Last year, I ran cell cams continuously from January to December. I learned a lot about scouting because I used them to confirm what I found when I put boots on the ground. Now I know what "good" sign is and, more importantly, what good sign isn't. I don't want to continue to use as many or in the same way because I'm trying to hone my scouting skills even more (and cut some costs). Not knocking anyone for using them, I'm just worried that if I continue to use them like I did last year, I'll end up always buying more cameras and eventually using them as a crutch. This year, I think I'm only going to run one camera and that is simply to get inventory on a small urban property a couple hours away that I may or may not get to even hunt this year. Either way, getting the notification that there is a new photo is just another poke in the side that hunting season is coming and to prepare accordingly!
 
I will add that there is one thing I want a cellular camera for someday. Eventually I want to purchase a small property that I can set up for duck hunting. When I finally realize that dream, I'm hanging a cell cam overlooking the pond to send me a picture every hour or so. That way I can monitor when and what parts of the pond they're using most, and ideally make better habitat management decisions.
 
Let them soak.for most of year.
collect the pics snd compare weather and wind conditions. Find out what food was around at that time of year then try to matchup hunts with known same Food availability and weather conditions the next year.

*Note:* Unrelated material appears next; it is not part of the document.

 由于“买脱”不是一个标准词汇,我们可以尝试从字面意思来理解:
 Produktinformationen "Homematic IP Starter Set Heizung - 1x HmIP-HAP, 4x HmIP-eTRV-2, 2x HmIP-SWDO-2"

it works pretty well. Wont kill the deer for ya but usually will get you close. Me and a buddy have countless hours logged in referencing pics to conditions and making plans.
if you look historically it will almost repeat itself every year.

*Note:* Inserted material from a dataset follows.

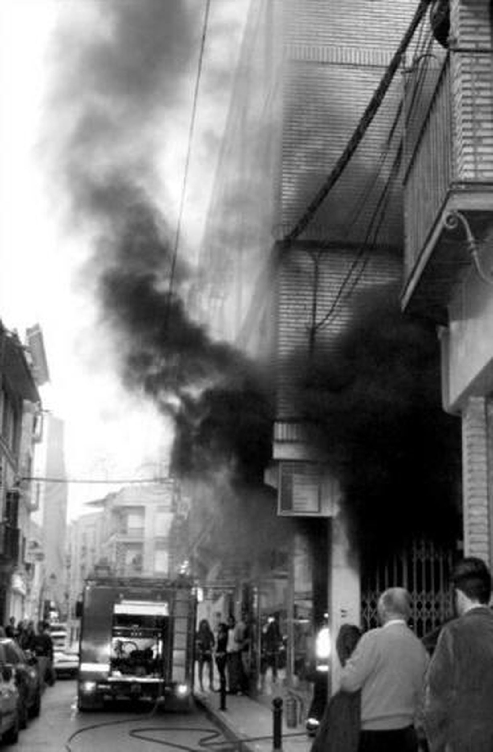 Casi de inmediato, dos camiones del Parque Comarcal de Bomberos dependiente de la Diputación y con sede en Lucena acudieron a la zona, mientras que varios agentes de la Policía Local y Nacional cortaron el tráfico de vehículos y peatones. El humo, que se divisaba desde distintos puntos de la ciudad, comenzó a ascender, afectando a los pisos ubicados encima del establecimiento, de ahí que los efectivos decidieran desalojar el edificio ante el riesgo de intoxicaciones. Esta operación se realizó con normalidad y sin ninguna incidencia destacable, si bien los vecinos tuvieron que estar casi una hora fuera de sus casas, hasta que éstas quedaron a salvo de la negra humareda que invadió una parte de la calle Montenegro de la ciudad lucentina.

this will or should continue if there is no change in food, habitat or some sort of mass deer die off
Ehd, cwd, etc.
 
About the only time I run cams is on a new to me parcel, say one I just gained access to, to confirm what I’m thinking after looking at weather history and topo maps; after that I’ll pull them. Another situation would be if there’s construction adjacent to a parcel and I want to see if travel corridors have been effected. Also would be if there has been activity on a parcel I hunt to see if patterns and travel have been altered such as the farmer moving fencing around on the farm I hunt or moving his feeders around which he did last season and I wasn’t aware. Other than that I don’t usually run cams.

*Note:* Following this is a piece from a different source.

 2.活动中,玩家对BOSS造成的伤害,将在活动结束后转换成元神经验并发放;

*Edit: I do run cams year round but thats on a farm for predator control, and that’s more for population surveying and so the rancher can pull the cards to monitor travel and stuff so I can adjust strategies accordingly.
 
Let them soak.for most of year.
collect the pics snd compare weather and wind conditions. Find out what food was around at that time of year then try to matchup hunts with known same Food availability and weather conditions the next year.
it works pretty well. Wont kill the deer for ya but usually will get you close. Me and a buddy have countless hours logged in referencing pics to conditions and making plans.
if you look historically it will almost repeat itself every year.
this will or should continue if there is no change in food, habitat or some sort of mass deer die off
Ehd, cwd, etc.
Great concept. Where do you get your wind and weather history data from? What’s your process for lining it up with the imagers your camera captured?